Even as the federal government grinds through dozens of cases linked to the Jan. 6 insurrection, a select congressional committee is pursuing members of the Trump administration, as well as documents that may show how administration officials encouraged, or even aided the attack on Congress. In response, a lawyer for Trump filed suit, arguing that a request for documents from the National Archives was "a vexatious, illegal fishing expedition."

However, the committee has moved forward, citing former presidential aid Stephen Bannon on two counts of contempt of Congress, leading to his criminal indictment last week. Chansley is one of half-dozen Arizonans who were arrested for the Jan. 6 attacks. The remaining defendants are still waiting for trial.
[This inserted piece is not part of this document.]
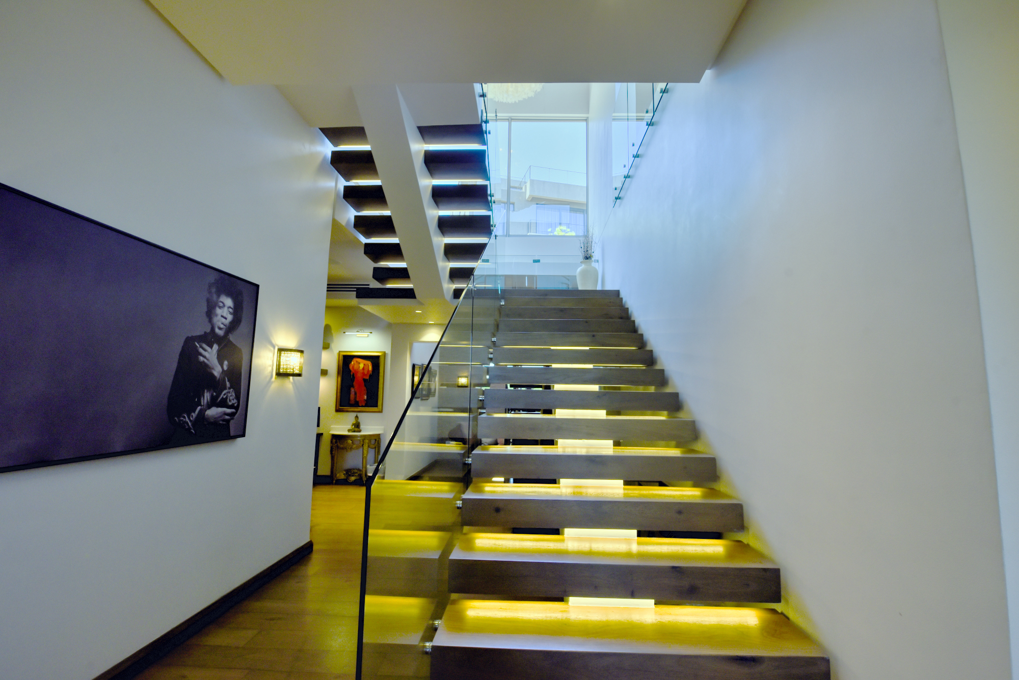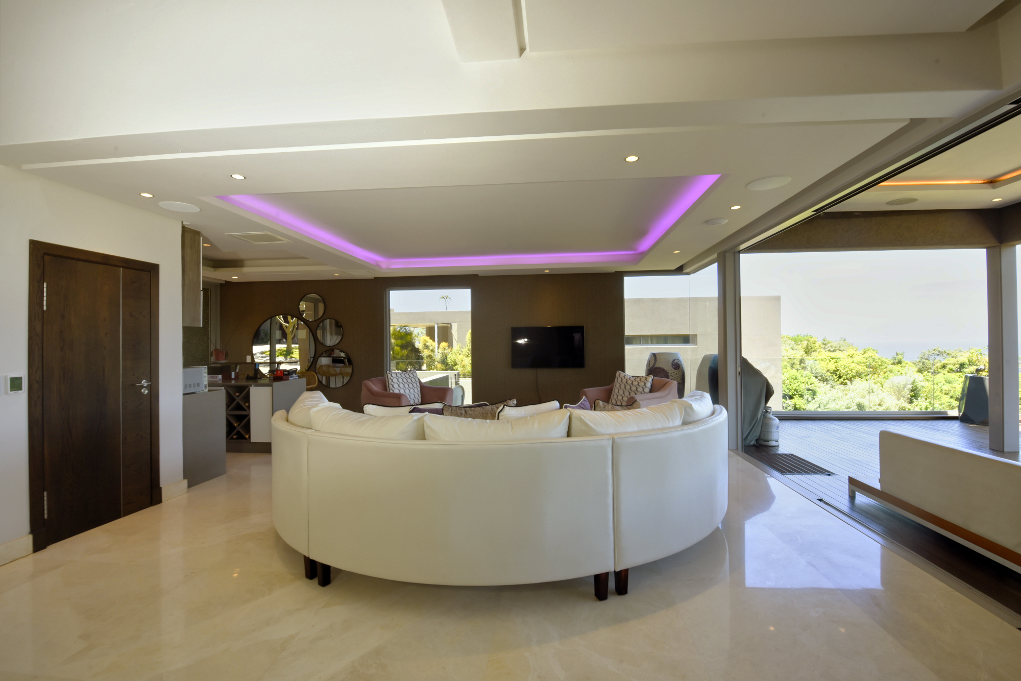 The Creston Home Automation system encompasses automated curtains, intercom, individual room climate control, smart TVs, sound and lighting, as well as outdoor security cameras. Operated via smart phone or touch panels located in each room of the house.
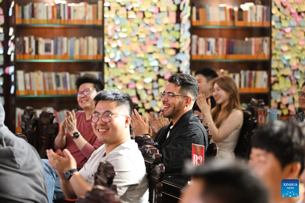 Raydis Franco (C) watches cross-talk performance at a tea house in Hongqiao District of north China's Tianjin, April 24, 2025. (Xinhua/Li Ran)

This includes Felicia Konold and her brother Cory Konold, from the Tucson area. Both face multiple federal charges for their role in the insurrection, including conspiracy, obstruction of an official proceeding, obstruction of law enforcement, and carrying a deadly weapon. Federal officials have linked the Konold siblings to the Kansas City chapter of the Proud Boys, a white nationalist organization known for anti-Muslim and misogynistic rhetoric. Created in 2016, the Proud Boys have become inextricably linked to Trump, and worked with other hate groups at the 2017 "Unite the Right" rally in Charlottesville, Virginia.

Just days before the failed insurrection, the Proud Boys attacked a Black church in Washington, D.C.